### TO DO
The listing below holds a line with "if you click" and a later line with "Omnicombat did the". Write out those two lines and every line between them, exactly, and nothing else.

### RECORDED INFORMATION

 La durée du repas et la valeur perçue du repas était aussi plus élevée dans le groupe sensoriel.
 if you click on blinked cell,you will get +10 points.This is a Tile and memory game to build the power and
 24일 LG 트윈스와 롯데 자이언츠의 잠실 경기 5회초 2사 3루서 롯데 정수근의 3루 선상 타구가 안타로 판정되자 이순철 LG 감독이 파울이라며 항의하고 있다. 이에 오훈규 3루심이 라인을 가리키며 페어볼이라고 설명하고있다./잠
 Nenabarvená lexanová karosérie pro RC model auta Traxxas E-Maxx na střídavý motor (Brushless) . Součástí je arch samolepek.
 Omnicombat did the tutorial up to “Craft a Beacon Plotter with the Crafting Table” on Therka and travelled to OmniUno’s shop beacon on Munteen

==

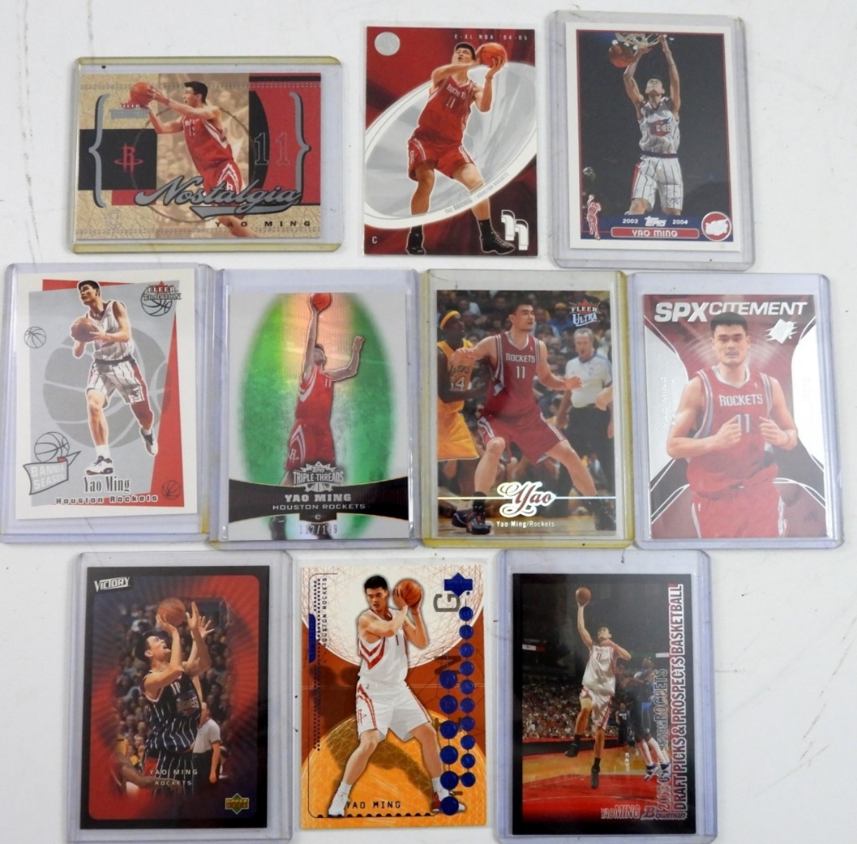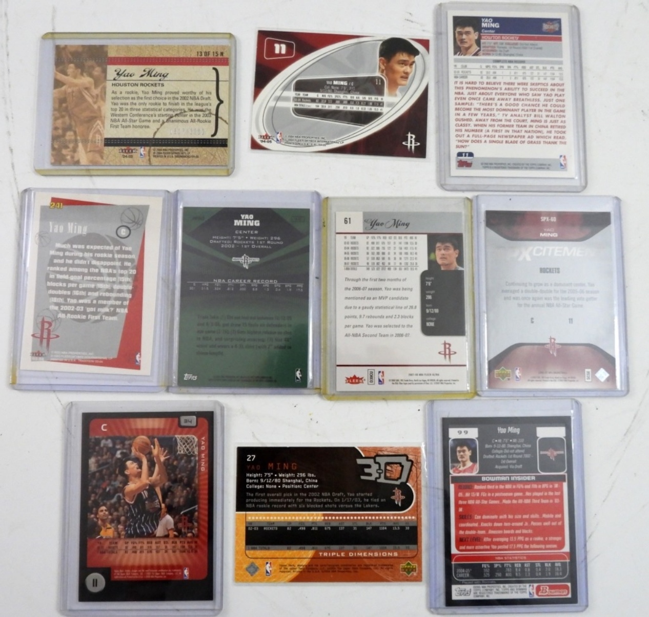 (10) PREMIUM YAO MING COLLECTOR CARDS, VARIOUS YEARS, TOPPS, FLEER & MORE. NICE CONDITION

### RESPONSE
 if you click on blinked cell,you will get +10 points.This is a Tile and memory game to build the power and
 24일 LG 트윈스와 롯데 자이언츠의 잠실 경기 5회초 2사 3루서 롯데 정수근의 3루 선상 타구가 안타로 판정되자 이순철 LG 감독이 파울이라며 항의하고 있다. 이에 오훈규 3루심이 라인을 가리키며 페어볼이라고 설명하고있다./잠
 Nenabarvená lexanová karosérie pro RC model auta Traxxas E-Maxx na střídavý motor (Brushless) . Součástí je arch samolepek.
 Omnicombat did the tutorial up to “Craft a Beacon Plotter with the Crafting Table” on Therka and travelled to OmniUno’s shop beacon on Munteen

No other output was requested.